Why Start a Blog?2018-12-29
Starting a blog is a little bit uncomfortable. I'm not quite sure what mode I should be in when starting to write a blog post. Is this informal like an email or is it more like an essay? Am I supposed to follow the 5 paragraph essay format? (probably not)
I think the hardest part about starting a blog is writing (duh). My plan is to write stream of conciousness style and not worry too much about editing. If I let the editor take over I might not get though the first paragraph. Once I have a couple posts I can go back and try to identify areas of my writing that need work. I haven't tried to write an article in many years so this feels a bit uncomfortable.
I have several goals for this blog.
Improve my writing
Since graduating college I've done shockingly little writing that wasn't in an email or chat program. For a guy that spends >8 hours on a keyboard every day I don't spend much time writing to communicate my ideas. Writing for a public audience is much different than writing an email to the same co-workers you talk to every day.
I spend a lot of time making up stories for my kids or for a dungeons and dragons group. Sometimes I think I might want to write down some of those stories but my internal self critic tells me I'm not a very good writer. I haven't tried to write for the sake of writing in years and, to be honest, it was never my favorite subject in school. I know comma and semicolon but they were never my friends. I think, maybe, it's time to change that.
Become more comfortable putting my work in the public eye
Writing for a blog is a little bit like public speaking. It's not comfortable. At least not at first. If I let that feeling win and continue keeping my thoughts to myself nothing bad would happen but nothing good will happen either.
Share what I know
I've been programming computers for 20 years now most of it professionally. I've used a lot of different technologies and seen a lot of trends come and go. I have seen a lot of things that work and a lot of things that really don't. I think I might have some insights worth sharing.
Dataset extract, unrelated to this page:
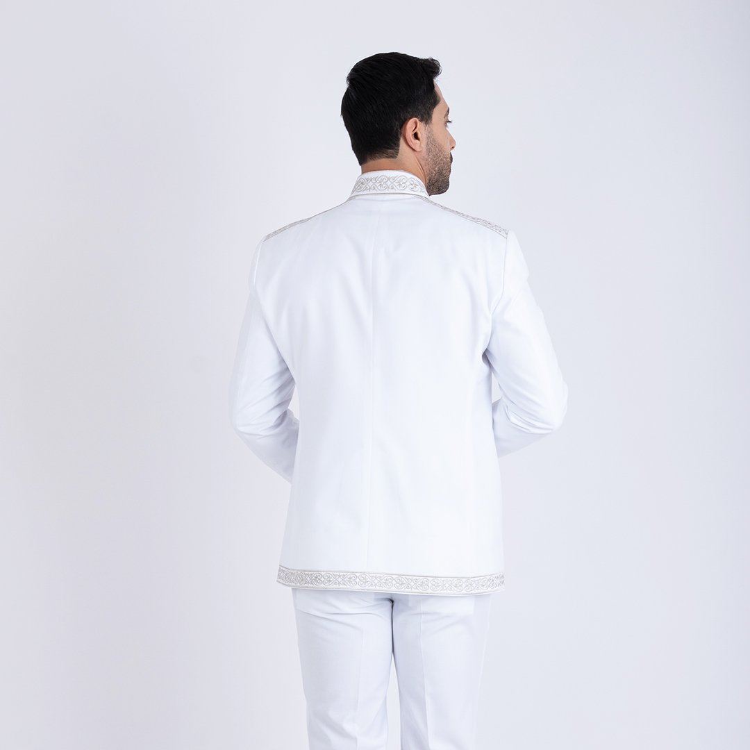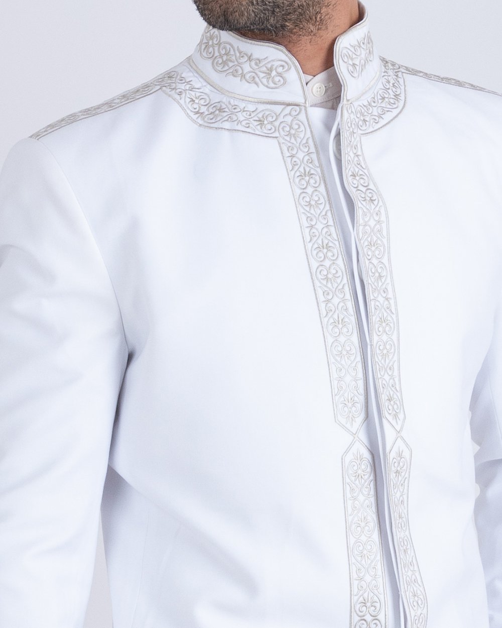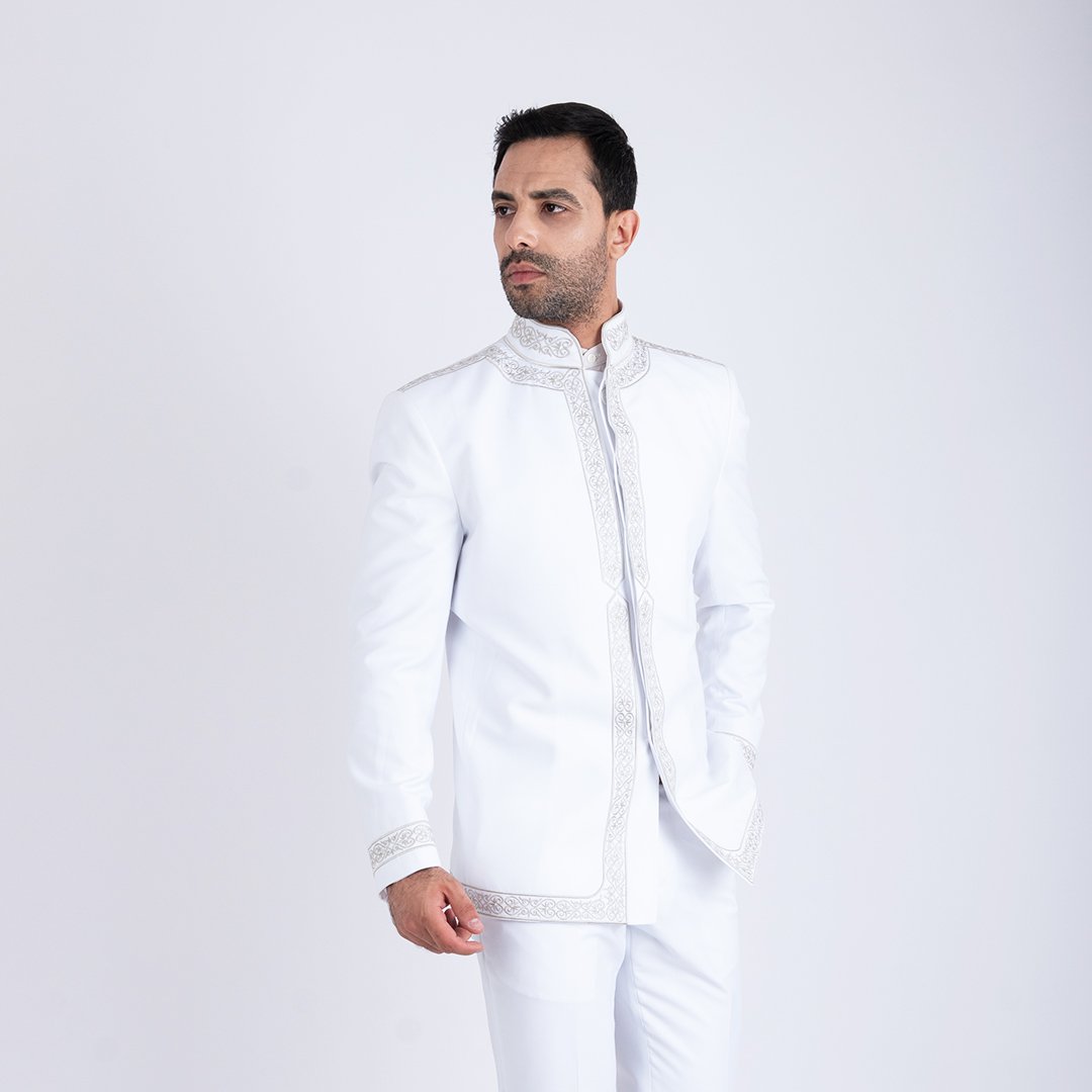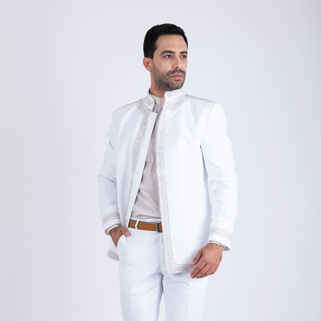 Costume Traditionnel Tunisien Homme Blanc Brodé – Élégance & Raffinement

I've recently discovered strongly typed functional programming languages like F#, Ocaml, Rust, Haskell and it's like a light went off in my head. This is how we should be making software. The industry focus on easy to learn tools and good enough to ship is causing mroe and more software to be built on flimsy foundations. Type driven domain modeling and avoiding OO spaghetti can build a prototype as fast or faster than the industry standard and will be an order of magnitude more maintainable.